The migration is my biggest concern here. As long as we keep the old encoding when there is one column per group, it seems tractable, but migrating old data to the new scheme seems very difficult. If we're not committing to supporting the old format needs a more detailed plan for the migration.

docs/RFCS/sql_column_groups.md, line 132 [r2] (raw file):

consumer of the KV api need to change?

* Another alternative would be to omit the sentinel key when there is

s/is/is no/

docs/RFCS/sql_column_groups.md, line 150 [r2] (raw file):

protos. Should we move away from the protobuf completely?

* Should column groups have names and metadata?

It would be good to allow room for this. This would let us map some groups to an alternative storage model (perhaps using rocksdb column families). This was very useful with bigtable column families/locality groups.
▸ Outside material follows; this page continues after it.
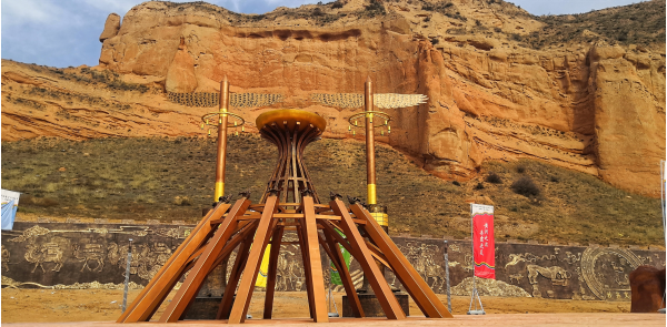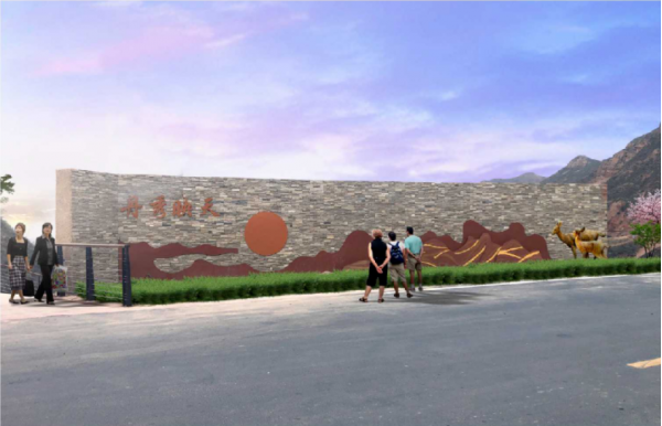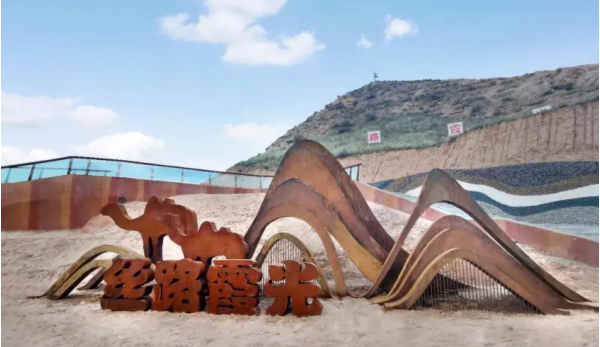 井部落文化廣場以當(dāng)?shù)爻鐾恋纳尘幕拍惯z址為文化線索,結(jié)合現(xiàn)有的鷹巖崖壁景觀和山谷平地,以出土“鷹”首杖的“鷹”為圖騰元素,規(guī)劃“鷹巖祭天”活動場景。這里的摩崖石刻藝術(shù)地展現(xiàn)了古絲綢之路的繁華盛況,可以讓人穿越時空,回味沙井文化歷史。

docs/RFCS/sql_column_groups.md, line 152 [r2] (raw file):

Previously, petermattis (Peter Mattis) wrote…

Eventually, yes. Doesn't seem necessary initially.

If the column is to remain available during the move (and I think that's important), this seems very complicated. But I agree we'll eventually need it.

Comments from Reviewable

tbg · 2016-05-18T16:46:40Z

Reviewed 1 of 1 files at r1, 1 of 1 files at r2.
Review status: all files reviewed at latest revision, 13 unresolved discussions, some commit checks failed.

Comments from Reviewable

petermattis · 2016-05-18T17:01:20Z

Review status: all files reviewed at latest revision, 13 unresolved discussions, some commit checks failed.

docs/RFCS/sql_column_groups.md, line 88 [r2] (raw file):

Previously, bdarnell (Ben Darnell) wrote…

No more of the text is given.